Writing Prompt: Ghosts of the Spanish Flu

“This is an intervention.” Your girlfriend smiles, but it’s tight and nervous and you finally realize why she said ‘must like ghosts’ in her dating profile all those years ago. You moved in together for the first time the week before the Pandemic really hit and it has been going pretty well, or as well as expected. Until now.

Now you get it.

“And she…?” You look at the floating mug hanging ominously over your girlfriend’s left shoulder.

“She wants us to get vaccinated.” Your girlfriend grimaces, “and yes, I explained how the tiered system works and that we can’t until it’s our turn.”

“So…?” You glance at the wall that has “COWARDS” scrawled across it in your girlfriend’s favorite lipstick. This is probably the first time her lipstick has been out of the drawer since last year.

“She wants us to break into CVS. Steal some vaccines.” Your girlfriend is truly apologetic. Like your new pushy roommate is her fault.

The mug behind her lifts and tilts, like a sip was taken.

You look over at the kitchen, where every knife is embedded in a different wall or ceiling. There’s one stuck point down in the linoleum. There’re two in the door to the pantry. If you hadn’t seen your girlfriend do it herself like some kind of zombie you wouldn’t believe she had the arm strength.

“It’s not cowardly to not want to break into a CVS and demand vaccines.” You are talking to a floating mug, but that’s actually not the weirdest thing you’ve ever done. So. There’s that. “Also,” you play it cool, ”there’s two rounds of vaccine. So we’d have to do that twice and they’d be more ready for us the second time.”
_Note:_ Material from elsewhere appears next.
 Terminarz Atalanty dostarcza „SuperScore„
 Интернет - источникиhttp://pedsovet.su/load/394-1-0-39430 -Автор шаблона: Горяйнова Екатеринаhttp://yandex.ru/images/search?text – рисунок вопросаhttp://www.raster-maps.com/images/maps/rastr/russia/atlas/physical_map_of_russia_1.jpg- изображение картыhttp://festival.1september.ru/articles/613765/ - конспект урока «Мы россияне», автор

The pipes rattle and the bedroom door shrieks as it slams. You raise your arms to gesticulate your disapproval.

“She says try a different CVS for the second dose.” Your girlfriend’s smile has gone gooey and soft, warm like her adorable cheeks and her bright eyes. She looks at you like you raised the moon just for her.

The lights flicker.

“Do some cocaine?” Finally your girlfriend turns to look skeptically over her shoulder at the mug-ghost. “How will cocaine help us?”
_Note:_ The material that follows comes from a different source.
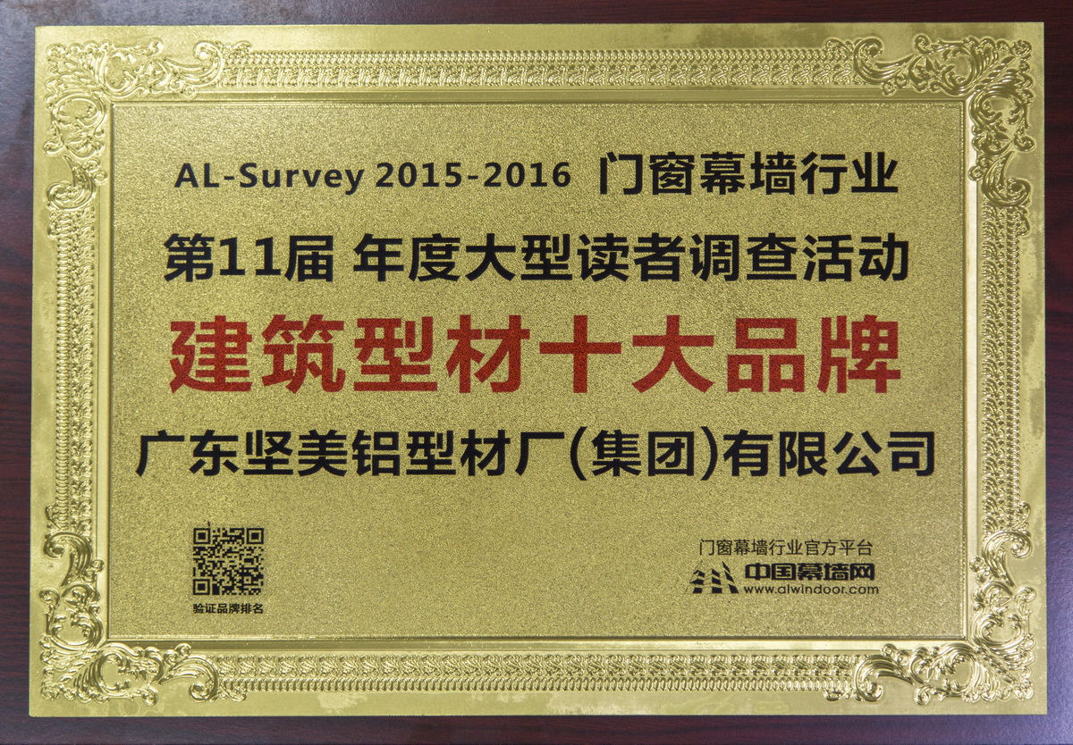 2016.3 第十一屆AL-Survey2015-2016門窗幕墻行業“第十一屆年度大型讀者調查評選活動”—建筑型材十大品牌

The lights flicker again, harder. A door across the house slams. Your cat bursts awake, puffy and startled, then glares in your girlfriend’s direction and curls up again.

“Cocaine does not exorcize viruses,” your girlfriend almost laughs. “Here, we can watch Guns, Germs and Steel. You’ll get it.”
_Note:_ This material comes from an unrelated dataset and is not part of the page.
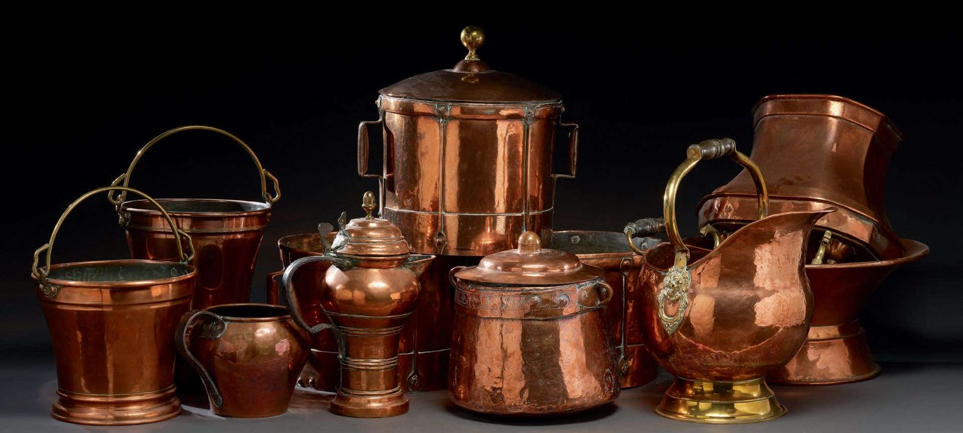 composé de trois ferrats (dont un couvert), un sceau à charbon à mufles de lion, une fontaine à eau, deux verseuses et un rare bassin à anse couvert nominatif gravé sur le pourtour «PIERRE BERNARD BOVLANGER DESPALLI 1782».

The air is full of ozone and your socks snap with static against the carpet.

“She died of Spanish Flu,” your girlfriend explains, as patient as she always is. You finally understand how she can be so patient with you when your own family can’t.  “So she’s very pro-vaccine.”

“Well we don’t have to exorcize her then,” you grant graciously.

In the bathroom your toiletries rattle, but nothing falls in the toilet. 

You take it as a compliment.

The mug sets itself on the coffee table and your girlfriend’s lipstick lifts itself off the carpet and caps itself before drifting back to the bathroom.

“She says we can revisit this later,” your girlfriend gets off the couch and comes over to you on the loveseat, throwing a leg over your lap to get comfortable. “Thanks for not being weird about this.”

“Hey, you said I had to like ghosts, and this ghost isn’t a grody anti-vaxxer, so we’re good.”

“At least she’s not physically in my body anymore,” your girlfriend kisses your forehead, smooths your frown away. “If we get an anti-vaxxer ghost we can send it straight to hell.”

“That’s my girl,” you give her butt an affectionate pat.

Across the room, your grandmother’s Virgin Mary on the wall rattles ominously at you. You don’t need your girlfriend to translate that one, and you give her butt another pat just to make a point.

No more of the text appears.